Your so talented!
I hear that comment often—and I’m truly grateful for it. Yes, I’m a professional visual artist, represented by some of the finest galleries across the West and Southwest. Before that, I spent two decades in Nashville, Tennessee, chasing the shimmering mirage of country music stardom. I’ve been a writer for as long as I can remember, too. But I’ve learned that every so-called gift demands its price.
While others spent their weekends at football, lost in video games, or unwinding by the pool with family and friends, I was alone in my studio—grinding, refining, reaching for something just out of sight. I practiced until my fingers ached, painted until dawn, and filled notebooks and that old word processor I inherited from my father with fragments of thought and possibility. In the pursuit of art, I neglected the gardens of many relationships, and some of them withered quietly over time. I chose solitude and the hunger to create over comfort, and though I’ve gained much, I’ve lost, too.

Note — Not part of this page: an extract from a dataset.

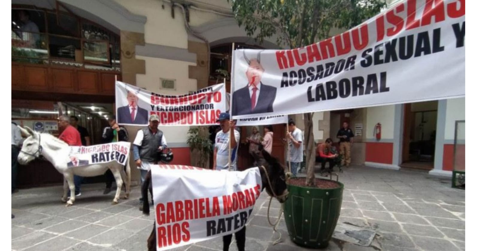 Tablajeros del rastro municipal de Pachuca, llevaron a cabo una protesta en contra el Ricardo Islas Salinas, regidor morenista, fue con burro y mantas que hicieran evidente la inconformidad, arribando a la sede de la presidencia municipal de Pachuca.

Still, I believe our experiences—every joy, every heartbreak, every struggle—shape the contours of who we are. I don’t believe in talent; I believe in discipline, devotion, and sacrifice. There were countless times I longed to sit in the stands, to escape into a game, to simply be—but I made myself a promise: to leave nothing undone, nothing unsaid, nothing untried. Because you never know when your time card will be punched, and I want to meet that moment knowing I gave it everything I had.